After days of working en plein air, I’m realizing once more the compositional problems inherent in the real world. Vacillating, as most of us do, between the truth of reality and the compositional needs of the painting, in the field one tends to go for the truth.
That’s where a few days back in the studio can really pay off. The images developed on location are still fresh in the mind, but something else begins to happen. Composition improves.
One of the main problems in location work is the failure of pattern. Jane R. Hofstetter’s “Seven Keys to Great Paintings” starts right off emphasizing the early need for pattern. “If the basic shapes of a painting are not well designed and exciting,” she writes, “there is little purpose in continuing.”
Some things to think about:
It’s best to plan your pattern first, not after the fact.
Don’t be afraid to use thumbnail value plans as starters.
Think of the pattern as a structure that moves the eye.
The eye moves first to the simpler, larger shapes.

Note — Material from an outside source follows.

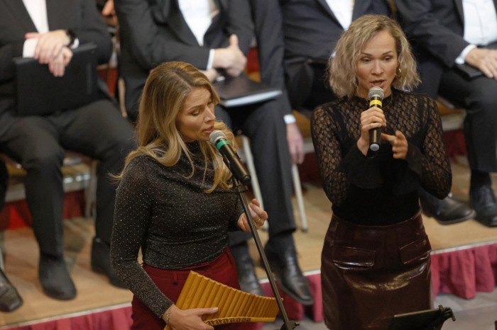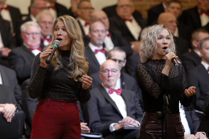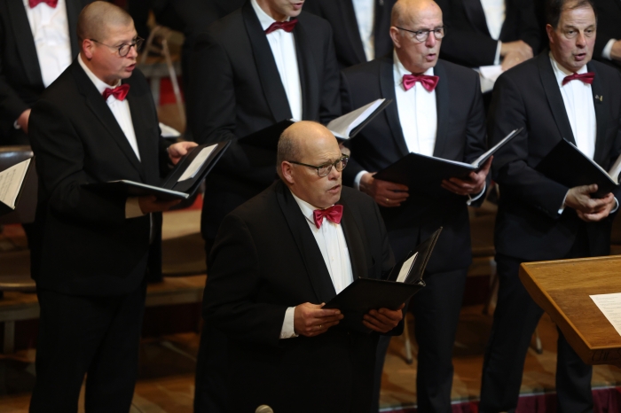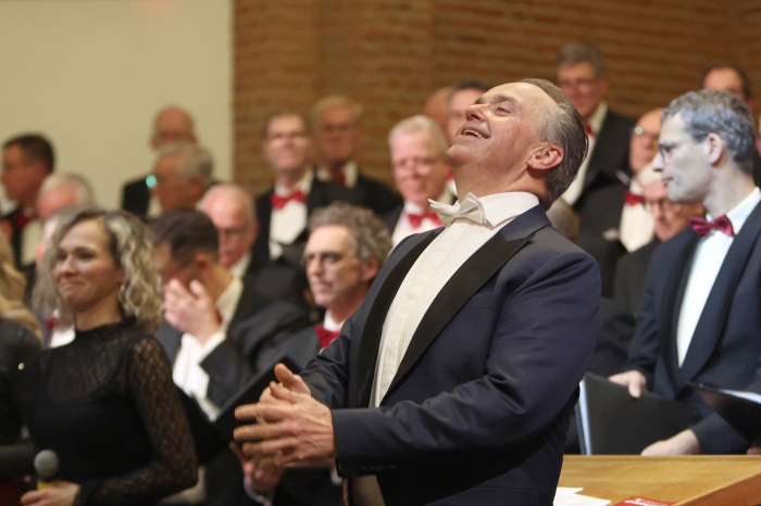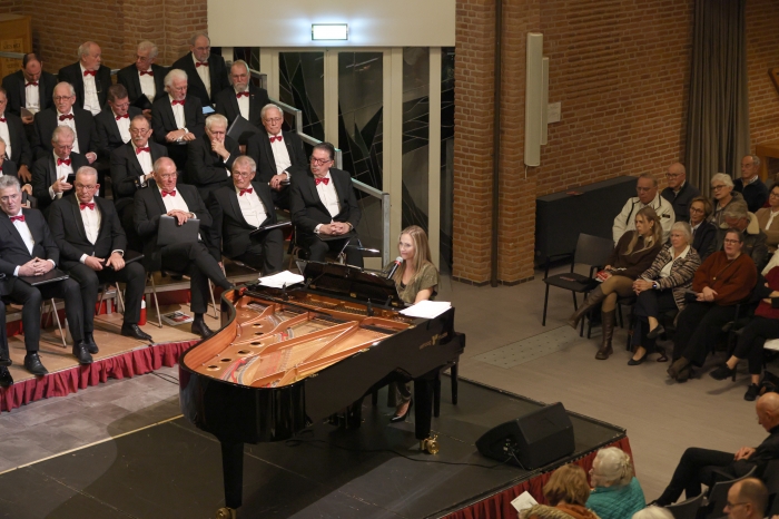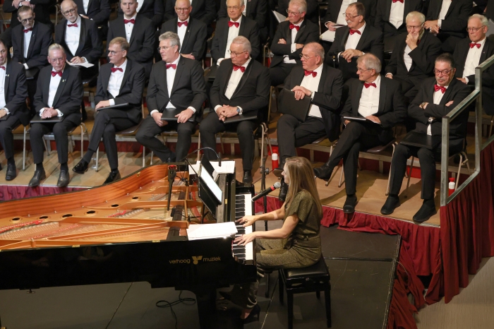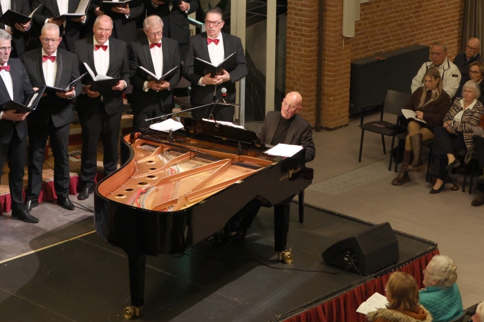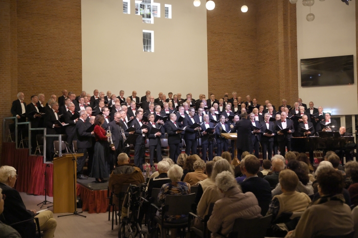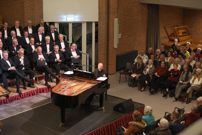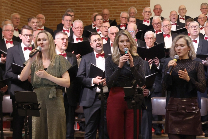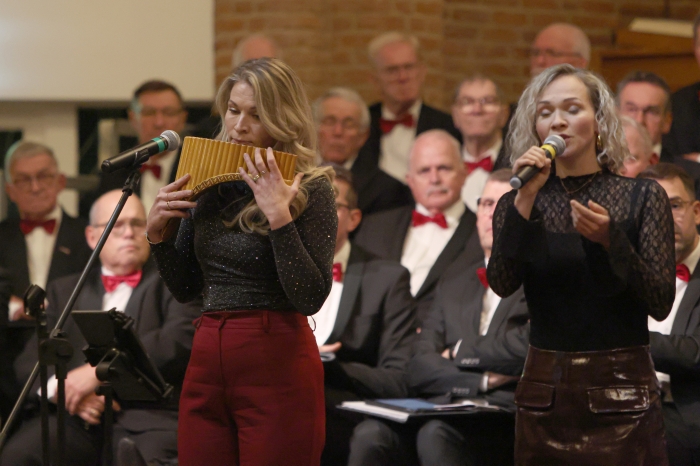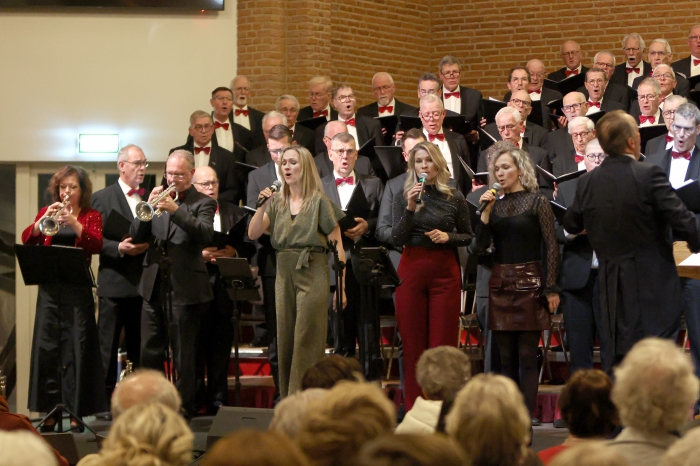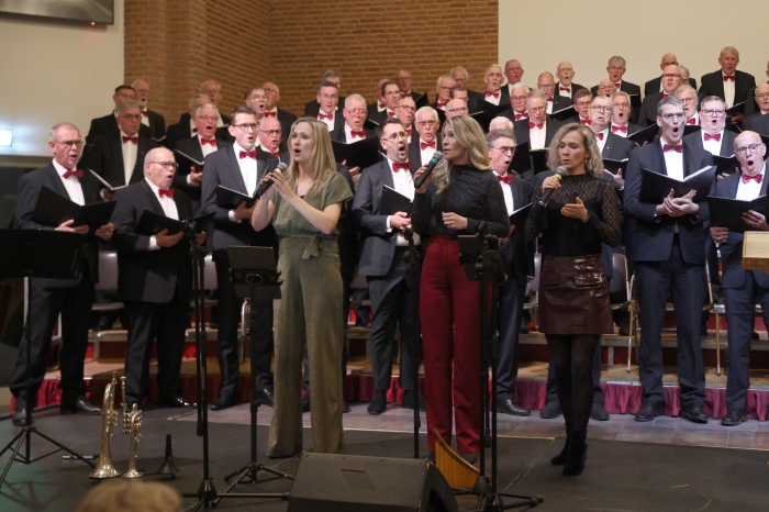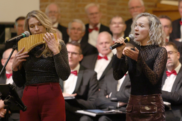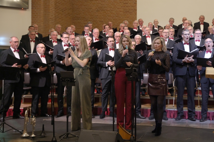 Naast de sfeervolle kerstliederen die het mannenkoor ten gehore bracht, met medewerking van koorsolisten Geert Westerhof en Peter Estié, was er een indrukwekkend optreden van Vocalgroup Filiae. Ook het ensemble van het koor wist het publiek te raken met prachtige liederen als Living Humble en We’ve Got Good News to Tell.

The overall pattern is best when it’s irregular and varied.
Avoid predictable shapes — blocks, circles, rectangles.
Avoid equality, kissing shapes and homeostatic effects.
Patterns should move beyond the periphery of the work.
The focal area can be more active, with smaller, sharper shapes.
Viewers’ eyes ask to be entertained — pattern is the opening act.
Patterns thrive in lights, darks, and plenty of middle tones.
Add mystery — shapes can be muzzy and obscure.
Yin and yang your pattern — alternate dark and light activity.
Squint at your work, invert it, or look at it in a mirror.
Your work should “read” from across the room.
If, in the early stages, your work is not turning out to have enough pattern, face it against the wall, or bury it and come back later. Very often the simple passage of time will give fresh keys to pattern improvement. As Don Quixote said to Sancho Panza after a particularly vexing passage: “Tomorrow will be another day.”
PS: “As you start your work
These words you’ll recall,
Make a pattern of shapes
Big, medium and small.” (Jane R. Hofstetter)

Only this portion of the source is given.